== THE RECORDS ==
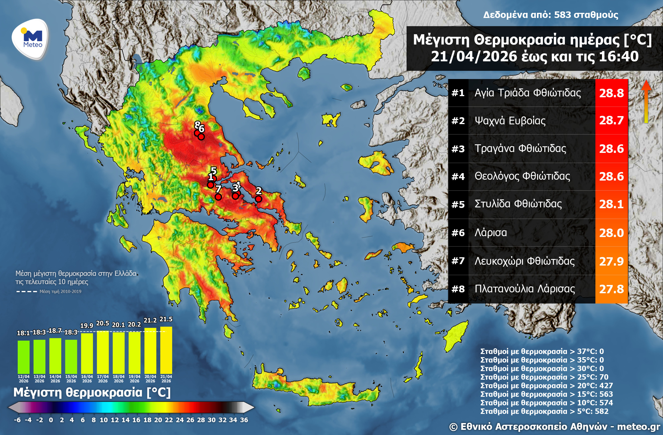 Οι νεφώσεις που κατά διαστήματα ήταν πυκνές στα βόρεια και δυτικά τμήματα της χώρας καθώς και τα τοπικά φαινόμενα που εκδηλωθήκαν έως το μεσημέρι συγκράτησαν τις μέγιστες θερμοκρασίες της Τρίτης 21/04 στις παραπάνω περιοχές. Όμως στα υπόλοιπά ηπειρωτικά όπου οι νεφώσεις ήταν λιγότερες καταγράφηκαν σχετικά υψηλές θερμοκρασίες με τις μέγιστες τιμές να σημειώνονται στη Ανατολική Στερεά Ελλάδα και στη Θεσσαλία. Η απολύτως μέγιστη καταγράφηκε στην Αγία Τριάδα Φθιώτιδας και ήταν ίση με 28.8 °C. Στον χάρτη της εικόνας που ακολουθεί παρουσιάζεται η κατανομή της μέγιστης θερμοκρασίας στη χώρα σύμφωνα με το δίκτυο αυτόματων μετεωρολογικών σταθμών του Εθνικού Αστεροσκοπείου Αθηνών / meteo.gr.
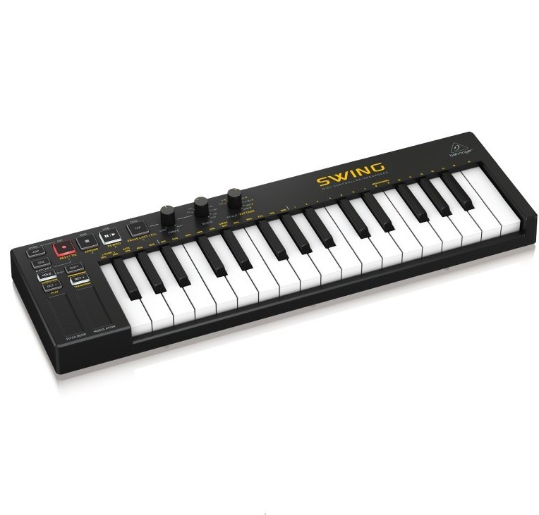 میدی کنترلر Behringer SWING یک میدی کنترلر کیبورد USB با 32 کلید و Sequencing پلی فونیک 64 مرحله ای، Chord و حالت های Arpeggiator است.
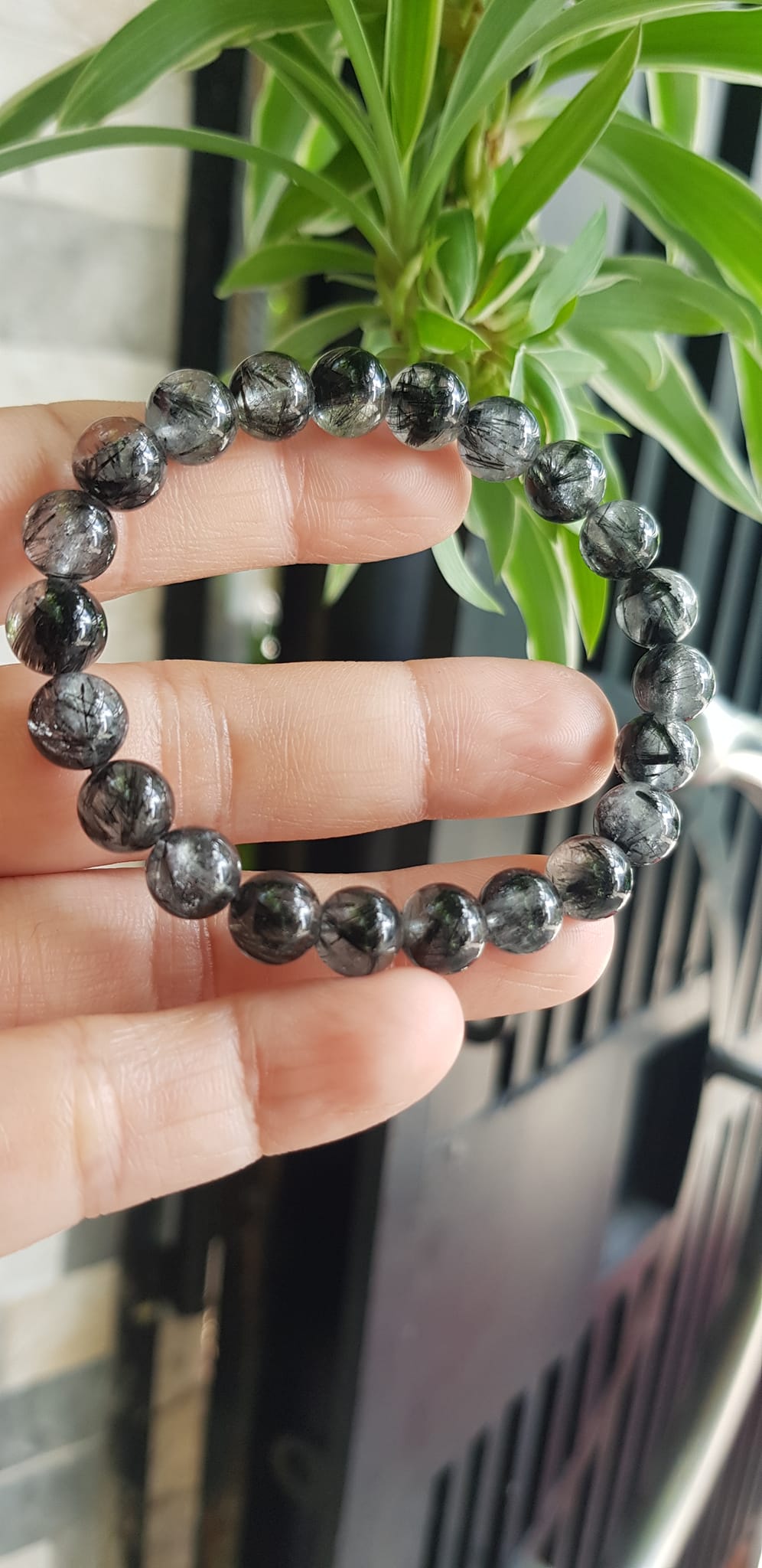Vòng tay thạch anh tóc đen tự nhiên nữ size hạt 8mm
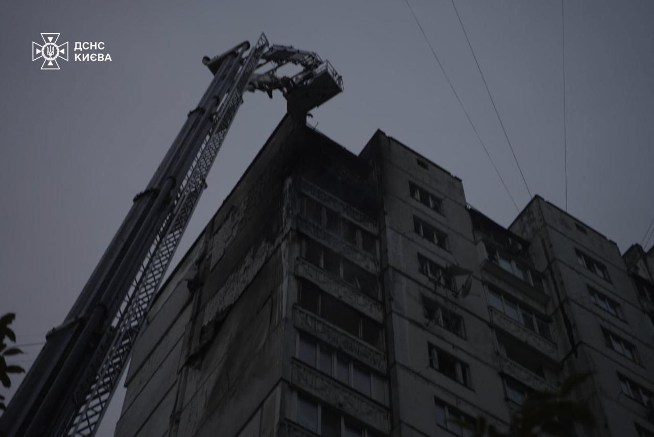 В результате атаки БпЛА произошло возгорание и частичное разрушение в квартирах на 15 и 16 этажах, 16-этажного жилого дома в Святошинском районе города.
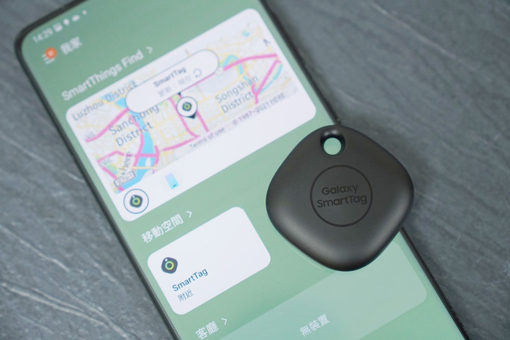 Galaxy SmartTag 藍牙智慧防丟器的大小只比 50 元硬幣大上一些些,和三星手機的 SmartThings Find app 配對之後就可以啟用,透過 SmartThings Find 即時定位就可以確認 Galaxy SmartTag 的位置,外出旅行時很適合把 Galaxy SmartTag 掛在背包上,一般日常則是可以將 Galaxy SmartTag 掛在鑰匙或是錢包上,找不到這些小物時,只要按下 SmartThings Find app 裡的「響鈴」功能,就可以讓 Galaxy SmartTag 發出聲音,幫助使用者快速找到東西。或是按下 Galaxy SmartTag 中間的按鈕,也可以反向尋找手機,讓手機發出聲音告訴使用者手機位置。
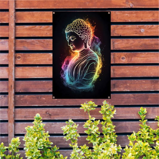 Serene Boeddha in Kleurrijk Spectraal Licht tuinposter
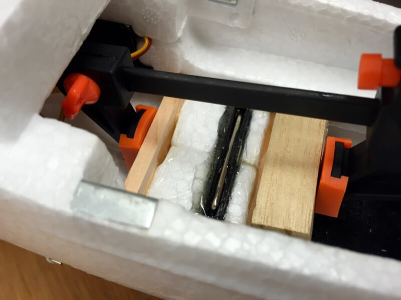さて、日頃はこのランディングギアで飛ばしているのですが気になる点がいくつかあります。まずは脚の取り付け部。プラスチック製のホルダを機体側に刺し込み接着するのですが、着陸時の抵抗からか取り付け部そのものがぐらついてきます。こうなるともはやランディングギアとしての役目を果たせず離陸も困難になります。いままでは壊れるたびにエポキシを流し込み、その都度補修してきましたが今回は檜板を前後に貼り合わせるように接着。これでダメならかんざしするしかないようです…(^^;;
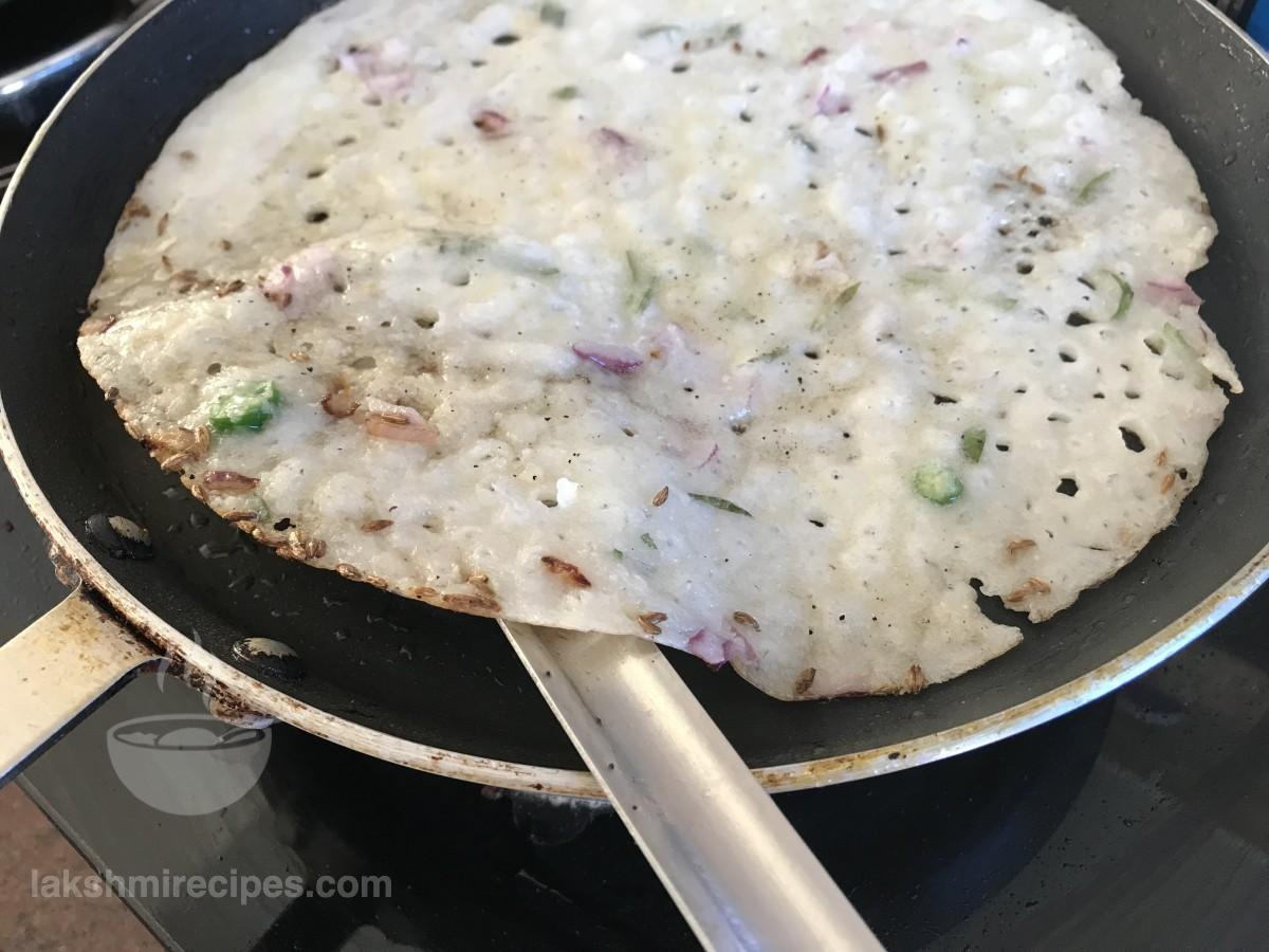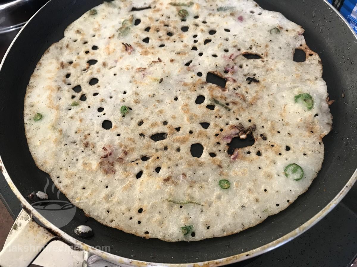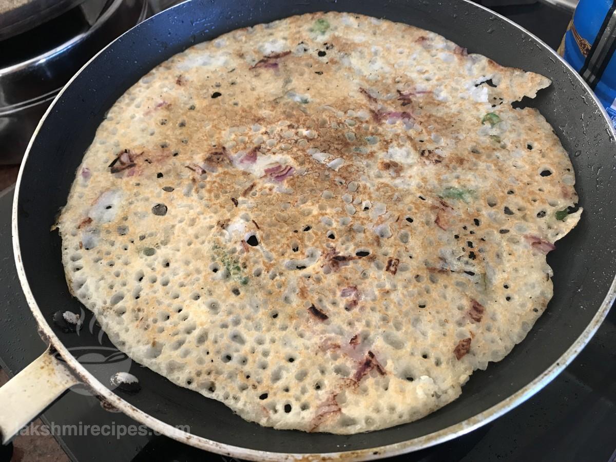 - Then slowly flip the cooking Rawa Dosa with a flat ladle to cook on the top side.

== EXERCISE BRIEF ==
The first line of the listing through the line with "Vòng tay thạch": repeat exactly that span and nothing more, skipping pictures.

== SOLUTION TO THIS TASK ==
 Οι νεφώσεις που κατά διαστήματα ήταν πυκνές στα βόρεια και δυτικά τμήματα της χώρας καθώς και τα τοπικά φαινόμενα που εκδηλωθήκαν έως το μεσημέρι συγκράτησαν τις μέγιστες θερμοκρασίες της Τρίτης 21/04 στις παραπάνω περιοχές. Όμως στα υπόλοιπά ηπειρωτικά όπου οι νεφώσεις ήταν λιγότερες καταγράφηκαν σχετικά υψηλές θερμοκρασίες με τις μέγιστες τιμές να σημειώνονται στη Ανατολική Στερεά Ελλάδα και στη Θεσσαλία. Η απολύτως μέγιστη καταγράφηκε στην Αγία Τριάδα Φθιώτιδας και ήταν ίση με 28.8 °C. Στον χάρτη της εικόνας που ακολουθεί παρουσιάζεται η κατανομή της μέγιστης θερμοκρασίας στη χώρα σύμφωνα με το δίκτυο αυτόματων μετεωρολογικών σταθμών του Εθνικού Αστεροσκοπείου Αθηνών / meteo.gr.
 میدی کنترلر Behringer SWING یک میدی کنترلر کیبورد USB با 32 کلید و Sequencing پلی فونیک 64 مرحله ای، Chord و حالت های Arpeggiator است.
Vòng tay thạch anh tóc đen tự nhiên nữ size hạt 8mm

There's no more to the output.